In the above embodiment, the rank of the shift amount is divided into five stages. However, when the stepping motor 11 having a large shift amount is used, the number of ranks may be increased and the correction amount may be increased. Further, as the correction amount, the correction is performed based on the electrical angle of 11.25 ° as a basic multiple. However, if a finer correction is required, the number of microstep in-phase divisions is increased and the number of steps is increased. do it.

[0041]

According to the present invention, for each stepping motor, a rank based on the electrical angle error between a plurality of phases is obtained in advance, and a storage means is provided in advance corresponding to the rank of the stepping motor to be controlled. It reads out the correction value which is stored in, so to adjust the correction value the phase of the correction to the phase excitation current switching timing of each phase, the micro step drive, albeit at a low cost compact, angular accuracy is since it became possible to apply the stepping motor inferior, it is possible to maintain low manufacturing cost, since not require much space, the stepping motor is Ru can miniaturize the entire apparatus to be used.

[Brief description of the drawings]

FIG. 1 is a circuit diagram showing an embodiment of a stepping motor control device according to the present invention.

FIG. 2 is a cross-sectional view illustrating a configuration example of an excitation coil of a stepping motor.

FIG. 3 is a waveform diagram showing a correction state in which a phase is changed in accordance with a normal rank of angular accuracy.

FIG. 4 is a waveform diagram showing a correction state in which a phase is changed corresponding to −1 rank of angle accuracy.

FIG. 5 is a waveform diagram showing a correction state in which a phase is changed corresponding to +1 rank of angle accuracy.

FIG. 6 is a waveform diagram showing a correction state in which a phase is changed corresponding to -2 ranks of angle accuracy.

FIG. 7 is a waveform diagram showing a correction state in which a phase is changed corresponding to +2 ranks of angle accuracy.

FIG. 8 shows the switching timing of the phase current by the conventional device,
It is a figure showing relation with generated torque.

[Explanation of symbols]

11 Stepping motors 11a, 11b Excitation windings 12, 14, 16, 23 Transistor array, enable gate, comparator and D / A converter which are the main components of micro-step control means 21 Storage means 22 Correction means

Claims (1)

(57) [Claims] 1. A stepping motor control device for sequentially switching each phase of a stepping motor having a plurality of excitation windings and supplying and driving an excitation current while maintaining a predetermined phase difference, wherein the excitation current for each phase is controlled by a predetermined value.
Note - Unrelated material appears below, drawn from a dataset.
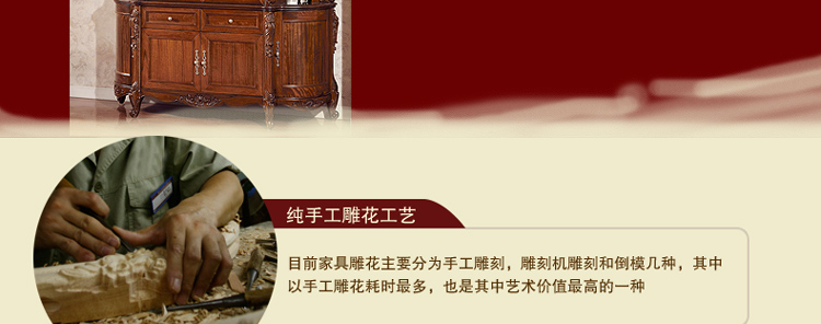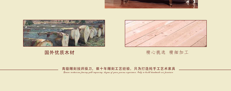 进口实木 人工雕刻 台湾大宝水性油漆 十五年的家具出口生产经验 促使我们制造高端完美的实木家具 回馈国内广大消费者 有您的支持 我们将把家具做得更合您的品味
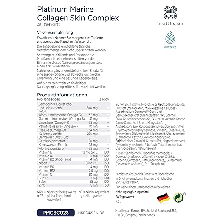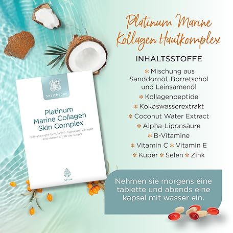 Sản phẩm Healthspan Platinum Marine Collagen Skin Complex (28-Day Supply) | High Quality Day & Night Preparation | Contains Marine Collagen Peptides, Vitamin C & Micronutrients | Supports Skin Health đang được bán với giá ưu đãi là $34.5421 tại nước Đức.

Micro-step control means for changing the number of steps in a stepwise manner; and for each of a plurality of ranks set in advance in accordance with the electrical angle error between the plurality of phases of the stepping motor, the electric power corresponding to the electrical angle error A storage unit having an angle as a correction value; reading out a correction value corresponding to the rank of the stepping motor to be controlled from the storage unit; correcting the switching timing of each phase by the correction value; A stepping motor control device comprising: a correction unit that adjusts a phase of a current.